THOUGH its death throes have been going on for six months, and possibly many more years before that, the Intermediate-range Nuclear Forces Treaty (INF) between the USA and Russia officially passed away yesterday.

It was signed almost 32 years ago by President Ronald Reagan and Soviet leader Mikhail Gorbachev and was a real game changer as both the US and USSR agreed to reduce their nuclear arsenals and eliminate an entire category of missiles and launchers, those with a range of 300 to 600 miles – short to medium range – and those within the intermediate range, i.e. 600 miles to 3400 miles.

The really significant change was that from the signing date on December 8, 1987, both sides agreed to on-site inspections by the other. The world breathed a huge sigh of relief as most experts had predicted that all out thermonuclear war and the probable end of the world would be triggered by a war started by, or because of, these missiles.

A TALE OF TWO TREATIES?

THERE was a second arms limitation treaty signed almost four years later by President George HW Bush and Gorbachev. The first Strategic Arms Reduction Treaty (Start) came into force in December, 1991, and committed the two powers to limited themselves to have no more than 6000 nuclear warheads on no more than 1600 inter-continental ballistic missiles (ICBMs) and bombers.

Start ran out in 2009 and the following year President Barack Obama and President Dmitry Medvedev of the Russian Federation signed what became known as New Start which further reduced the strategic arsenals of both nations.

The problem is that New Start is due to expire in 2021, and if Donald Trump wins the Presidential election next year, both he and Vladimir Putin will still be in power when New Start stops. No one seriously expects either man to propose a new Start, not least as both have comprehensively trashed the INF.

HOW EFFECTIVE WERE THE TREATIES?

BOTH INF and Start were effective, if you count reducing the amount of nuclear weapons to the point where they could still destroy the planet effective.

The INF treaty in particular worked well. Inside three years, some 2700 missiles were destroyed and both sides observed the ban on deploying new missiles in the short-to-medium and intermediate range of that type.

There is no doubt INF reduced the threat of nuclear war, and continued to do so even after Reagan and Gorbachev’s time.

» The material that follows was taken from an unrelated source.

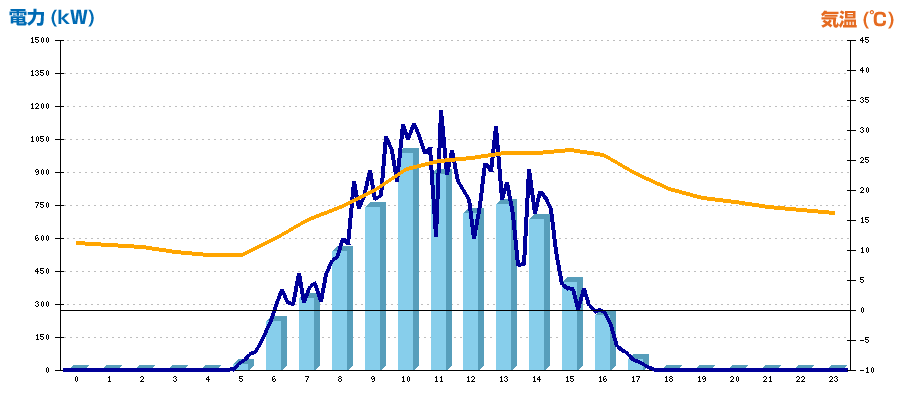 | 時刻 | 日射強度 (kW/㎡) | 気温 (℃) | 発電電力量 (kWh) | CO2削減量 (kg-CO2) | 売電金額(概算) (円) |

Start also cut its nuclear arsenals massively and after New Start both nations had reduced their overall arsenals to less than a quarter of what they once had – still enough to annihilate the planet, but credit for the effort.

DID THEY REALLY END THE COLD WAR?

LET’S just say they reduced the tension. It’s hard to describe what it was like in the period from the mid-1950s to the late 1980s when the Cold War was at its iciest. The threat of nuclear war – either by provocation or accident – was ever-present and never more so than during the Cuban missile crisis in 1962 when both the USSR and US had their large bombers on standby, loaded with nuclear bombs ready to be dropped.

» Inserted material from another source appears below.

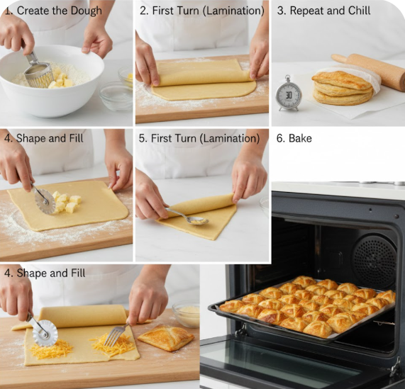 2. First Turn (Lamination): On a lightly floured surface, roll the dough into a long rectangle. Fold the dough into thirds, like a letter. Rotate the dough 90 degrees, wrap, and chill for 30 minutes.

Anyone who doubts the Cold War fear of atomic war need only watch the 1960s films Dr Strangelove and Failsafe, and the great “unseen” BBC documentary The War Game to learn what the world’s population feared.

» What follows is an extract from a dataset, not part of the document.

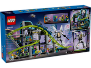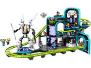 - A building toy packed with details for imaginative play – Features include a working 3-car roller-coaster train, a posable mech with a minifigure seat and toy arcade video gaming consoles

Both treaties reduced the number of missiles, and arguably the INF treaty allowed Gorbachev the economic and political power to push through his ideas that, deliberately or not, ended the Communist regimes of the Eastern Bloc.

WHAT COULD HAPPEN NOW?

UNLESS there are new treaties in place soon, or unless the rest of the world gangs up on the nuclear powers and forces them to disarm – that’s not going to happen – there will a new nuclear arms race, just as Putin and his oligarchs, and Trump and his military-industrial complex, want.

The end of the INF in particular was trailed by Putin as long ago as 2002 when the US withdrew from the Anti-Ballistic Missile Treaty. He confirmed last year that the end of that treaty had influenced his thinking on ending the INF Treaty, though it was Trump who announced in February that the US was pulling out of the INF treaty, accusing Putin of developing new missiles that breached the treaty’s rules.

So if the US is right and Putin does have new missiles, then the new arms race has already begun, with the Pentagon announcing last night that the US will develop its own missiles.

The complicating factor is that the other nuclear powers China, Israel, Pakistan, India, and France are not going to stand idly by and watch the big two get a lead in the race. Other countries such as North Korea and perhaps Iran are also not going to miss out on the excuse to develop their own missiles – the end of INF and probably New Start is a gift to Kim Jong-Un.

As for the UK? Well we’ve got Trident, so that’s all right then.

COULD THE UK GET INVOLVED IN THE ARMS RACE?

PROBABLY not for two reasons – the MoD can’t afford it and anyway, we can always borrow

the US’s missiles if deemed necessary. We already borrow Trident, after all.

NO ONE WOULD REALLY START USING NUCLEAR WEAPONS, WOULD THEY?

NEVER let it be forgotten that nuclear bombs were dropped as long ago as 1945 when the USA used them on Hiroshima and Nagasaki in 1945.